Steph started this art project over the summer that involves melting plastic doll parts and photographing them in a heap. Only, she didn’t want to get toxic chemicals in the family toaster, so she bought a used one off a girl on Craig’s List. Tonight she had promised herself to get some work done.

“Want to watch me melt dolls tonight?” She asks.

“You’re so twisted,” I say. “Twisted sister.”  She takes that as a yes.

Adam fights to stay awake.

A look of mischief emerges on my mom’s face. “Steph knows how to make the girls melt.” She says.

Steph bites her lip.

“Was that inappropriate? I’m just so high.”

We tell her it wasn’t inappropriate, because it wasn’t. Now that we smoke together, we’re all adults, and we find small sexual jabs nothing but comfortable.

Adam’s second eye shuts, and I drape a blanket over his body. Steph washes the pear juice off her hands and runs to preheat the toaster. Mom lets out another, wooden yawn.

I go to my sister’s room to watch her melt doll parts. She places little arms and torsos on a metal tray to bake. The plastic looks glossy in heat. We remove the parts just as they begin to distort.

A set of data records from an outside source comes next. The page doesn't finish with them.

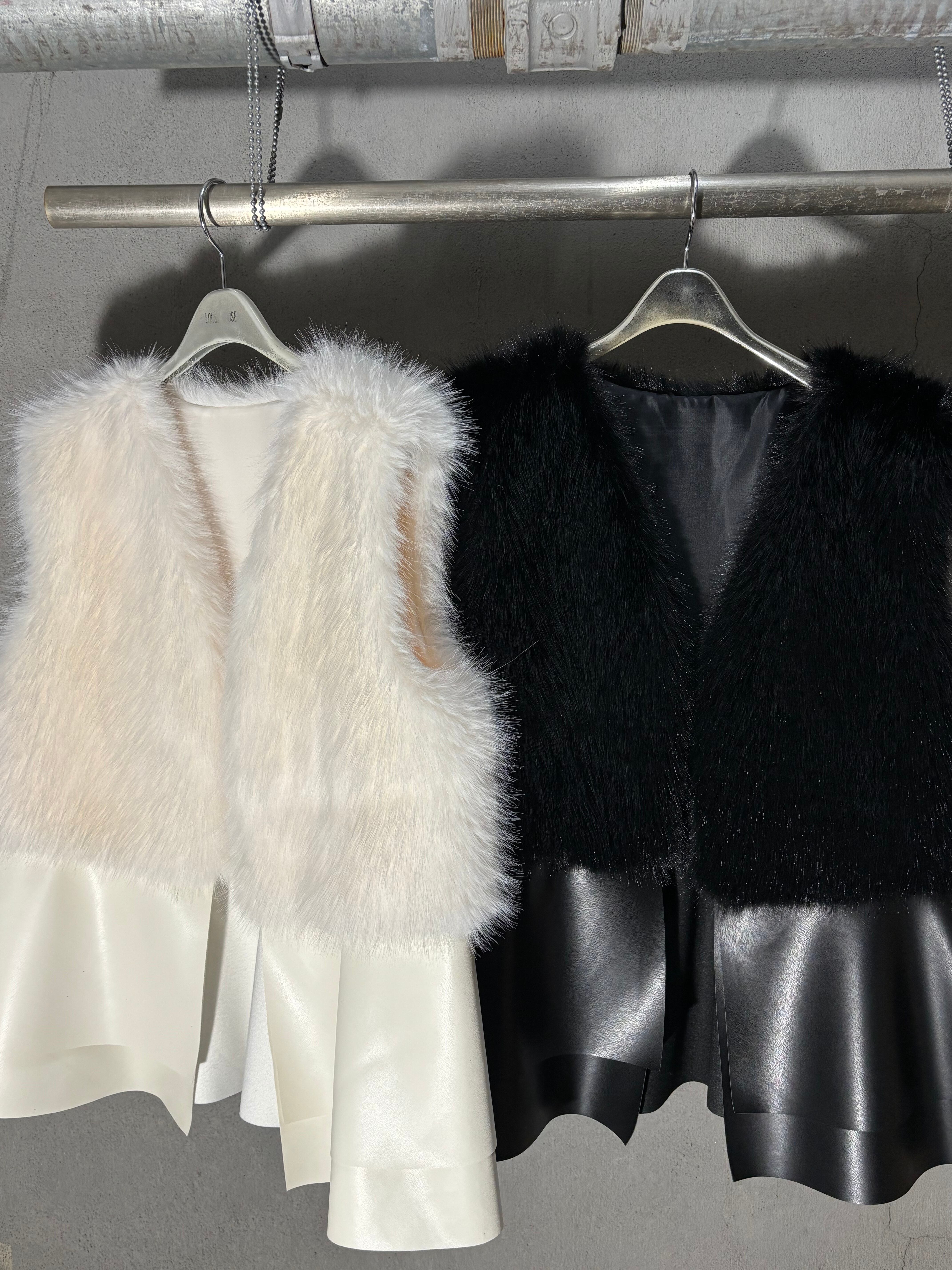 eco fur × eco leather design vest ベスト ファーベスト エコレザー フェイクレザー 切替デザイン 重ね着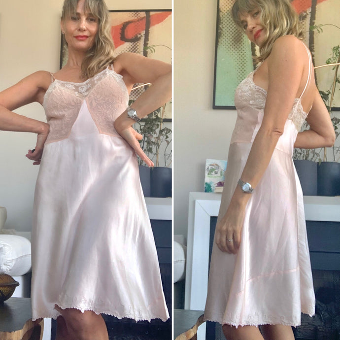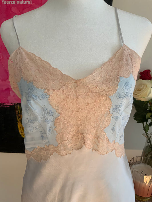 Silk Lace Slip Dress Grey - 40s - 40AH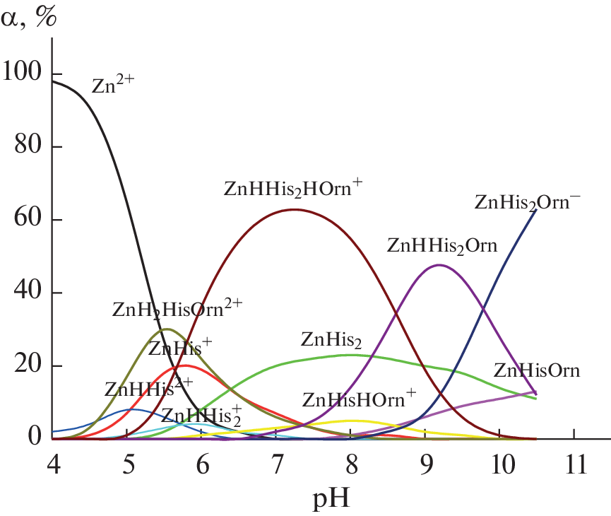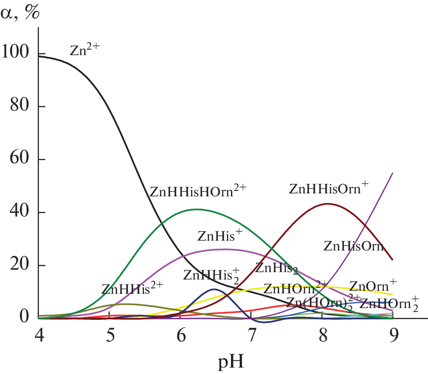 The formation of mixed-ligand complexes of various compositions in the Zn–L-histidine (His)–L-ornithine (Orn) system has been studied by pH-metry, calorimetry, and NMR spectroscopy. The thermodynamic parameters (log K, ΔrG0 ΔrH, ΔrS) of the reactions of their formation at 298.15 K and ionic strength I = 0.5 (KNO3) have been calculated. Based on the comparative analysis of thermodynamic parameters, the most probable method for the coordination of amino acid residues in mixed complexes has been proposed.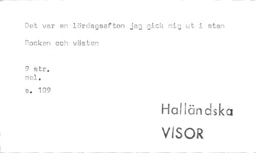 //// Det var en lördagsafton jag gick nig ut i stan flocken och västen //// 9 str. //// mel. //// s. 109 //// Halländska //// VISOR ////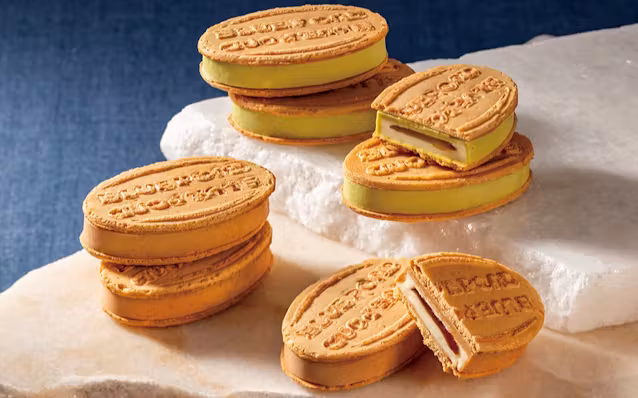 大丸松坂屋百貨店では10月8日から電子商取引(EC)で歳暮の受注を始め、店頭注文は11月1日から受け付ける。目玉の一つが「東京ばな奈」などを手掛けるグレープストーン(東京・中央)と共同開発した菓子ブランド「BLUE POND」のキャラメルミルクサンドだ。北海道の生乳で作ったキャラメルソースをホワイトショコラで包んだ。近く販売予定数量に達する見込みという。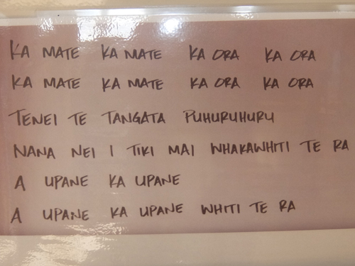 ラグビーのニュージーランド代表が試合前に行うHAKAのダンスの動画を見せてくださり、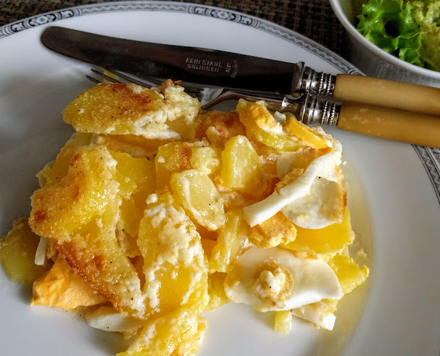 - 600 g Kartoffeln (fest kochende) - 5 Eier (hart gekocht) - 200 ml Rahm - Salz / Pfeffer nach Geschmack - 2 Esslöffel Semmelbrösel - etwas Butter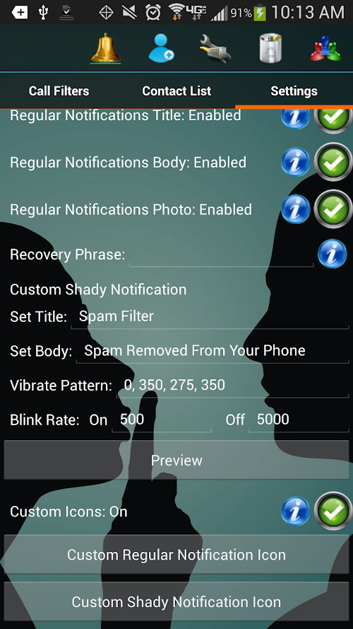 ★ Shady features the best picture, video and audio filter on the Play Store. After your device downloads the MMS attachments Shady will filter it!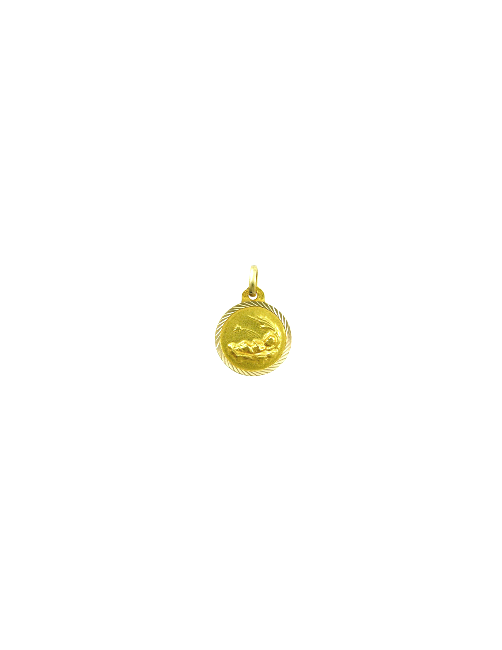 Medalla de bebé "Niño en Pajas" en Oro de 18K. La medalla es maciza y tiene al Niño Jesús en el centro en su cuna de paja y una estrella fugaz. Es de tamaño ideal para bebé con 2cm de diámetro incluyendo reasa. La parte trasera es lisa, por lo que se puede grabar. GRABACIÓN INCLUIDA: indique el texto a grabar cuando finalize el pedido. Se envía presentado en un estuche de piel Joyería Beamar.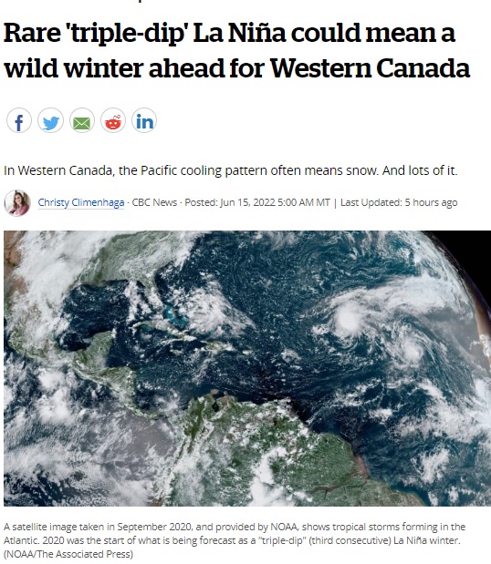 目前,加拿大现在正处于拉尼娜的状况中,自2020年以来一直是拉尼娜冬季。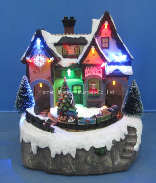 Polyresin Christmas Crafts Decoration 8'' LED Train Station With Moving Train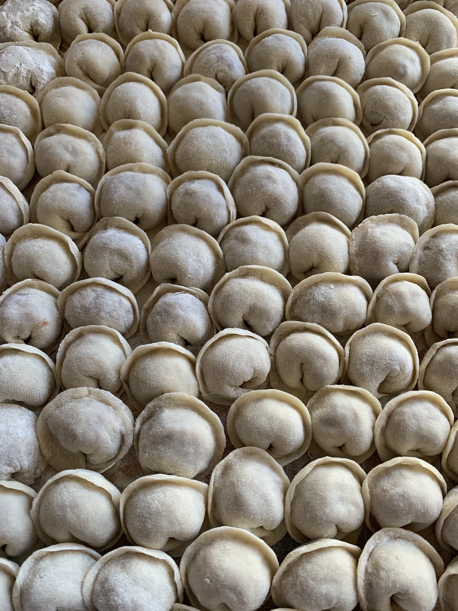 Вчера пельмени лепили, соответсвенно ужин был такой же. С домашними соленьями.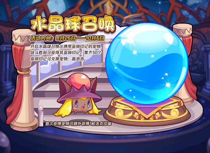 开启水晶球召唤出携带巫师印记的宠物,战斗胜利可获得其巫师印记。集齐50个巫师印记可兑换宠物:晶泡泡(可自然进化为水晶巫师)。

My sister holds up a mangled leg. It looks like a ham with a foot. “The composition of this is so cool,” she says. She appreciates the art at all angles.

“I’m Stephanie Garland, and I cook ladies,” I say. She gives me a light push.

“If you give a lesbian an easy-bake,” I say.

She prepares a second batch—this one of harder plastic, which she says will take at least fifteen minutes to cook. In the meantime, my sister and I head downstairs to wake up my brother. He rises, and we light cigarettes on the porch.

The three of us arrange ourselves on two chaise lounges. We wear each other’s coats. In the winter, it is hard to tell what is smoke and what is our breath.

“I wonder if mom feels left out, now that we’re all gay,” Steph says.

“Probably a bit.”

“I’m sure it’s weird for her.” I say.

“Not like she can do anything about it.”

“I mean, what can be done?”

We ash our cigarettes into a ceramic bowl one of us made in pottery class as a kid. It’s greying now. There is a mark on the bottom, probably with a name, but there is no telling which one.

“Do you ever think she blames herself? Or, you know, not that she blames herself but, wonders what could have gone wrong?” I ask.

“Maybe if she hadn’t raised us on her own.” Adam says.

“Or been so open about her dating history. Her past boyfriends.”

“Maybe.”

The smoke feels familiar and warm.

“How’d the dolls turn out?” Adam asks.

“Good.”

“Good.”

“This all must be so weird for her.” I say.

Steph tucks her free hand in between her legs for warmth. She nods. “To all the sudden, in your mid-50s, have three gay kids just thrust into your life.”

“To learn how to relate to them.”

“To the whole social issue it brings.”

Adam rubs his eyes.

“I’m sure she doesn’t think about it.”

We take another drag. If she is sitting in her room as we speak, thinking about it, none of us wants to know. Smoke rings float out into the dark.

“And then there’s Grandma,” Steph says. We nod. There is her.

“Maybe whatever gene she has, she passed on.”

“If she has it at all.”

“Oh, come on. Don’t honestly tell me you think Grandma is straight.”

I consider it for a while—Grandma lying next to my grandfather at bedtime. A younger version of Grandma asleep on some sofa, cold at night in her professor’s apartment, rising and walking to the bedroom, where she paws her way under the sheets for a kiss, and the chance to hold another body like her own.

“You’re right,” Adam says, nodding his head once.

“You’re right,” I say, snubbing out my cigarette, because I’ll never know whether she’s right, but it’s the only explanation I can hold.